In These Times is an American politically progressive monthly magazine of news and opinion published in Chicago, Illinois.
It was established as a broadsheet-format fortnightly newspaper in 1976 by James Weinstein, a lifelong socialist. 

It investigates alleged corporate and government wrongdoing, covers international affairs, and has a cultural section.  It regularly reports on labor, economic and racial justice movements, environmental issues, feminism, grassroots democracy, minority communities, and the media.

Weinstein was the publication's founding editor and publisher; its current publisher is Christopher Hass.

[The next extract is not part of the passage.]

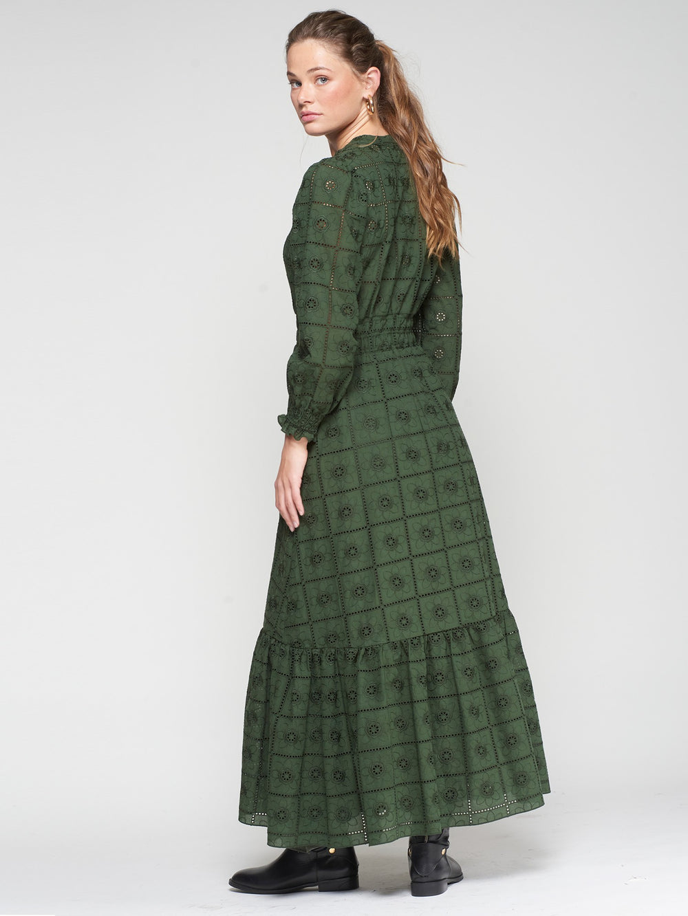GREEN DRESS WITH FLORAL EMBROIDERY

, it had a circulation of over 50,000. As a nonprofit organization, the magazine is financed through subscriptions and donations.

History
In 1976, Weinstein, an historian and former editor of Studies on the Left, launched the politically progressive journal In These Times. He sought to model the newsweekly on the early-20th-century socialist newspaper the Appeal to Reason.  For some time, its tagline was 'The Socialist Newsweekly'. "We intend to speak to corporate capitalism as the great issue of our time, and to socialism as the popular movement that will meet it" he told the Chicago Sun Times on the eve of the first issue's release.  While Weinstein himself was involved with both the New American Movement and the Democratic Socialist Organizing Committee, he wanted the journal to be independent of any one political party or faction.  Thus, over the years it has published a wide variety of contributorsfrom anarchists, to union members, to centrists.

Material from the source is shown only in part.